The French secret service frogman who attached the mines which sank the Greenpeace flagship the Rainbow Warrior in New Zealand 30 years ago apologized for his actions in an interview yesterday with investigative Web site Mediapart.
Jean-Luc Kister, whose face was not covered in the hour-long video interview, said he believed it was now the right time to say sorry to the family of Portuguese photographer Fernando Pereira, who was killed in the explosion, to Greenpeace and to the people of New Zealand.
“Thirty years after the event, now that emotions have subsided and also with the distance I now have from my professional life, I thought it was the right time for me to express both my deepest regret and my apologies,” Kister said.
On July 10, 1985, the Rainbow Warrior was docked in Auckland on its way to protest against French nuclear testing at Mururoa Atoll, about 1,200km southeast of Tahiti.
Kister was working for France’s spy agency, the DGSE, which carried out an unprecedented mission to stop Greenpeace by bombing a peaceful protest ship without warning in the waters of a friendly nation.

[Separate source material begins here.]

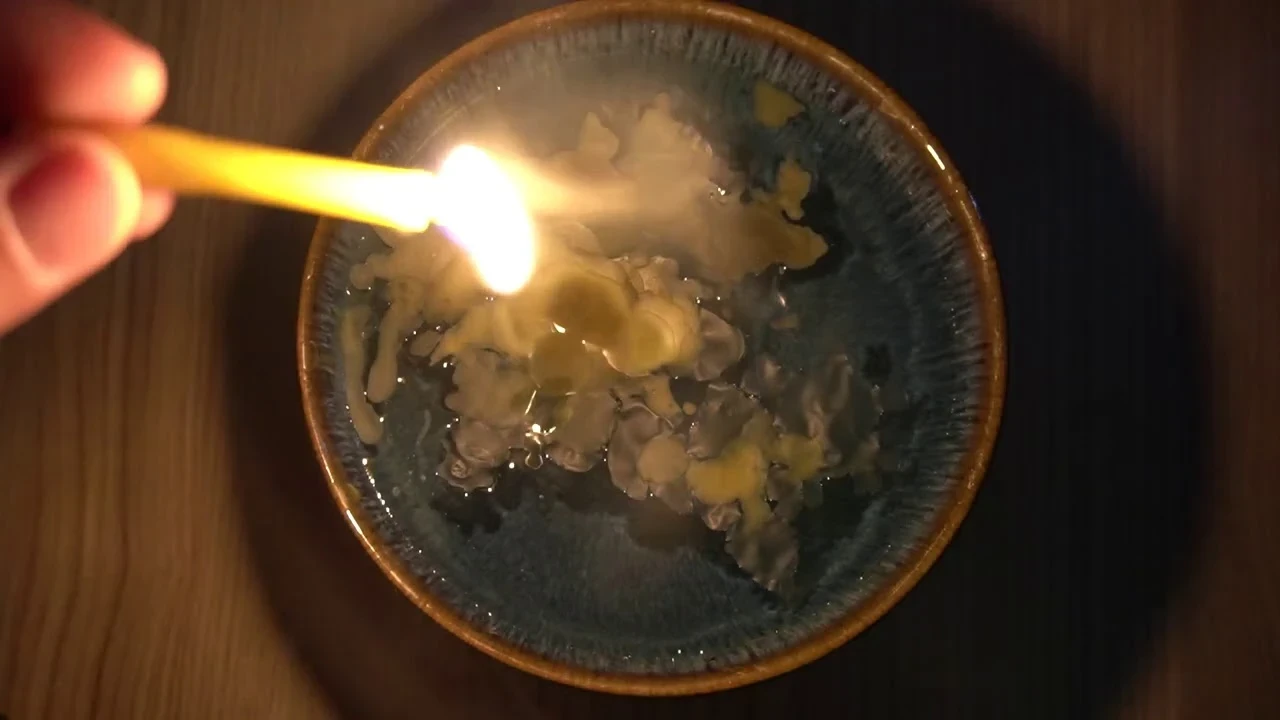 сначала он смягчается под пламенем свечи, затем в воде превращается в послания судьбы.

He was part of the so-called “third team,” whose mission was to attach two large limpet mines to the hull of the converted trawler, working with fellow frogman Jean Camas.
A third member of the team, Gerard Royal, a brother of French Minister of Ecology, Sustainable Development and Energy and former presidential candidate Segolene Royal, picked up the two men in a dinghy after the covert operation.

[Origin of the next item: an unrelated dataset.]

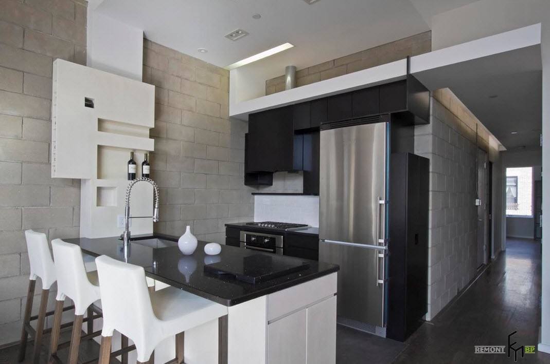 Минимализм в черно-белом интерьере кухни.

“I have the blood of an innocent man on my conscience, and that weighs on me,” a visibly emotional Kister said in the interview.

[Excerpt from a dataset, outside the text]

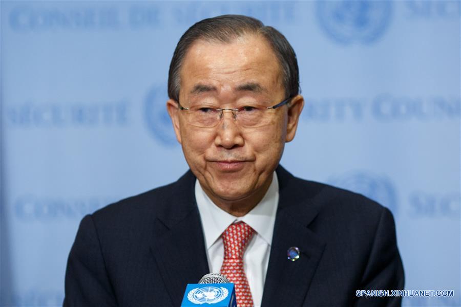 Secretario General de las Naciones Unidas, Ban Ki-moon, se emita una declaración sobre el fallecimiento del ex Secretario General de la ONU Boutros Boutros-Ghali, en la sede de la ONU en Nueva York, 16 de febrero 2016.(Xinhua/Li Muzi)

“We are not cold-blooded killers. My conscience led me to apologize and explain myself,” he said.
He said the mission that the 12-strong unit were ordered to carry out by former French Minister of Defence Charles Hernu was “disproportionate” and he claimed that other less drastic ways of damaging the ship, such as breaking the propeller shaft to prevent it from taking to sea, were rejected by the government.
“There was a willingness at a high level to say: This has to end once and for all, we need to take radical measures. We were told we had to sink it. Well, it’s simple to sink a boat, you have to put a hole in it,” Kister said.
Kister’s name was leaked to the media soon after the bombing, albeit with a spelling mistake as Kyster. He said he considered his unmasking to be an act of “high treason.”
“I’m not angry at the journalists, it’s the political powers I blame. If it had been in the US, other heads would have rolled,” he said.
Two days after the bombing, two of the agents who took part — Alain Mafart and Dominique Prieur, who had posed as a couple of Swiss tourists — were arrested by New Zealand police and their identities revealed. Hernu was forced to resign two months later.
Mafart and Prieur were charged with murder, eventually pleading guilty to manslaughter and receiving 10-year jail terms, but they were freed within months under a deal that sparked almost as much anger in New Zealand as the bombing, involving France threatening to block trade access to European markets unless Wellington handed over the agents.
France has since made an official apology for the bombing of the Rainbow Warrior and paid damages. In 1996 it halted the nuclear testing that had prompted the Greenpeace protest.
The interview was carried out by French journalist and Mediapart founder Edwy Plenel, who in September 1985 revealed in a Le Monde newspaper report the involvement of the DGSE frogman in planting the explosives.
Plenel says one aspect of the infamous bombing remains unexplained to this day — how much then-French president Francois Mitterrand knew about the operation.
Although Mitterrand was aware that it was going to take place, “at which point did he know the operation was going to be so violent?” Plenel asked.